Howdy from Austin! I was stationed in Camp Zama Japan in 95.


----------



## fairmanjd (May 19, 2010)

Swole,
Howdy back!
I got here in 2005.  I have thoroughly enjoyed the people, the culture and the FOOD.  I will greatly miss our church family.  I won't miss the climate generated by the political situation and location out here; but obviously there are positives and negatives everywhere you go. All in all, it's been a challenging yet rewarding tour. I can't wait to swing through TX en route to FL.  I've been missing God's country for quite some time now.  

BREAK

All:
I just recieved a couple of messages from a moderator in my inbox welcoming me to the site but instructing me to review the rules of the forums.  If my initial post in your forums came across as if I were trying to represent myself as a Mason, allow me to first apologize and then to correct myself... I am not.  I am simply reading and learning all I can about Freemasonry in hopes of petitioning a lodge at my next duty-station.  Once again, thank you for the great website.  It is both highly interesting and informative.
Very Respectfully


----------



## JTM (May 20, 2010)

okinawa?  excellent... welcome!

feel free to ask any questions you have.


----------



## Casey (May 26, 2010)

Welcome!


----------



## Bro. Stewart P.M. (May 26, 2010)

Welcome!


----------



## Huw (May 26, 2010)

Hi fairmanjd.

I don't see how your initial post could have misled anyone, since you specifically mention that you're looking forward to petitioning, and any Brother would instantly realise that this means that you haven't joined yet.  So I'm not sure what the problem was.
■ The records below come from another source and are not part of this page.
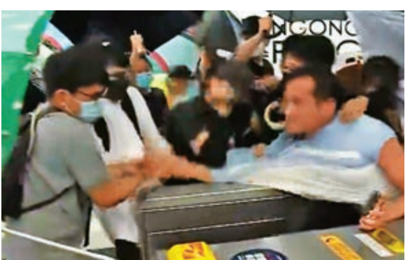
▶有市民被指拍攝，遭暴徒猛打手臂至骨折
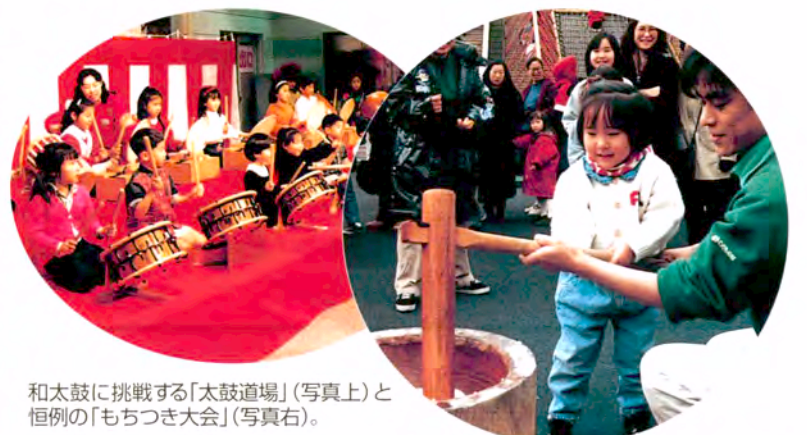
和太鼓に挑戦する「太鼓道場」(写真上)と恒例の「もちつき大会」(写真右)。

春を迎える「節分」。無病息災を願う古くから伝わる季節行事。参加劇の形で「節分」のいわれを伝えます。
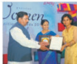
95 FM Tadka's Women Recognition Awards 2014
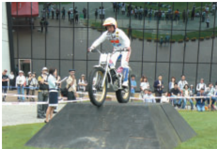
往年の名マシンがよみがえる「Hondaトライアルサウンド」(3日、Honda Collection Hall)
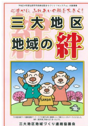
↑ ← 作製された冊子
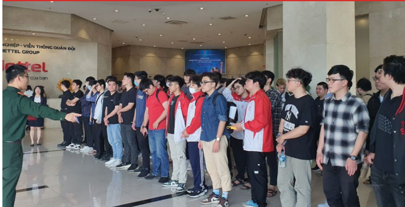
CÔNG TY VIETTEL CHIA SẺ VỚI SINH VIÊN VỀ CÔNG NGHỆ THỰC TẠI ẢO
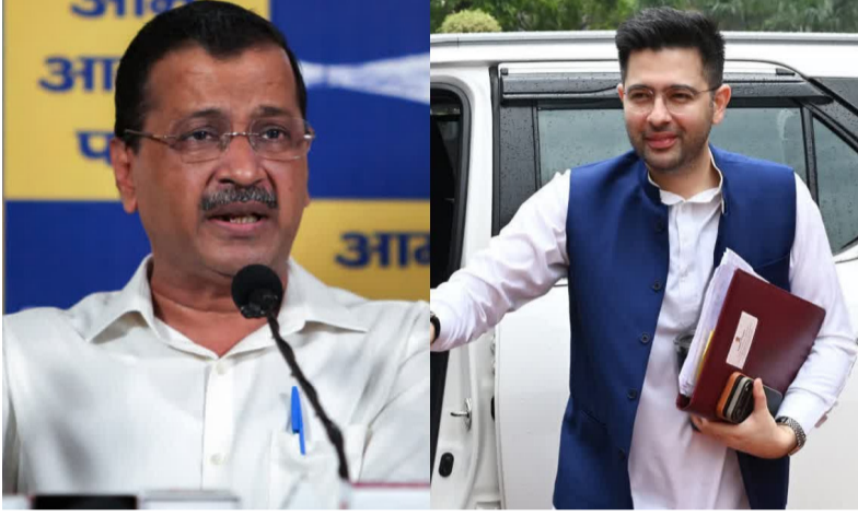
చేశారు. గతంలో ఆమ్ పార్టీకి చెందిన రాఘవ్ చద్దా, అశోక్ మిశ్రా, సందీప్ పాఠక్, హర్ష జన్ సింగ్, రాజేంద్ర గుప్త, విక్రమ్ సాహ్ని, స్వాతి మలివాలే పార్టీని వీడి బీజేపీలో చేరిన విషయం తెలిసింది. ఈ పరిణామం ఆమ్ కు పెద్ద ఎదురుదెబ్బగా మారింది. ఈ చేరికలను సమర్థిస్తూ రాఘవ్ చద్దా కీలక వ్యాఖ్యలు చేశారు. రాజ్యాంగం ప్రకారం ఒక

న్యూఢిల్లీ, ఏప్రిల్ 26 (డిజైన్ టెక్ గురు ప్రతినిధి): ఆమ్ అడ్మినిస్ట్రేషన్ చెందిన ఏడుగురు రాజ్యసభ సభ్యులు బీజేపీలో చేరిన ఘటనపై రాజకీయంగా తీవ్ర చర్చ కొనసాగుతోంది. ఈ నేపథ్యంలో ఆమ్ ఎంపీల సంజయ్ సింగ్ రాజ్యసభ చైర్మన్ సీపీ రాధాకృష్ణన్ కు పిటిషన్ సమర్పించి, ఫిరాయింపిన సభ్యులను అనర్హులుగా ప్రకటించాలని కోరారు. ఈ సందర్భంగా సంజయ్ సింగ్ మాట్లాడుతూ, ఆ ఎంపీల చర్చ పార్టీ ఫిరాయింపు నిరోధక చట్టానికి విరుద్ధమని ఆరోపించారు. ప్రజల తీర్మానం అవమానించిన ఈ చర్చపై కఠిన చర్యలు తీసుకోవాలని డిమాండ్ చేశారు.
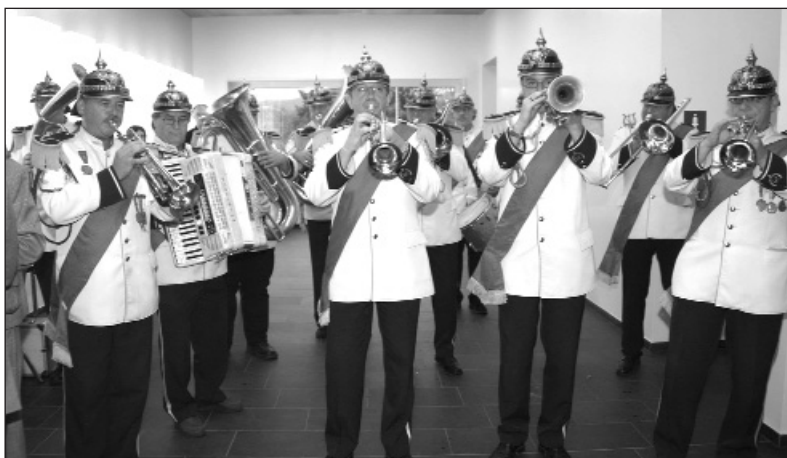
Die Tätschappemusig machte den Auftakt zur Jubiläumsfeier.

This is a very fine site, full of useful information.  I hope you continue to enjoy it.

Best regards,

Huw


----------



## fairmanjd (May 28, 2010)

It is indeed a great site.  47 days to go until we move (not that I'm counting).
I've been invited to an open house for friends and family at the lodge here in Oki.  Looking forward to some good fellowship tonight and learning more.  The kiddoes are looking forward to it as well.


----------



## Del B (Jul 1, 2017)

Looking to connect to any brothers from Okinawa #118


----------



## SCStrong (Jul 1, 2017)

fairmanjd said:


> Greetings from a displaced Texan currently stationed in Okinawa.  I thoroughly enjoy your website.  I am moving to Florida in a couple of months and am looking forward to finding and petitioning a lodge there.  Thanks to the website administrator, moderators and all of you who regularly contribute to the forums.



 Welcome, Friend.....  Okinawa ?  Marine?


----------



## Warrior1256 (Jul 4, 2017)

Welcome!


----------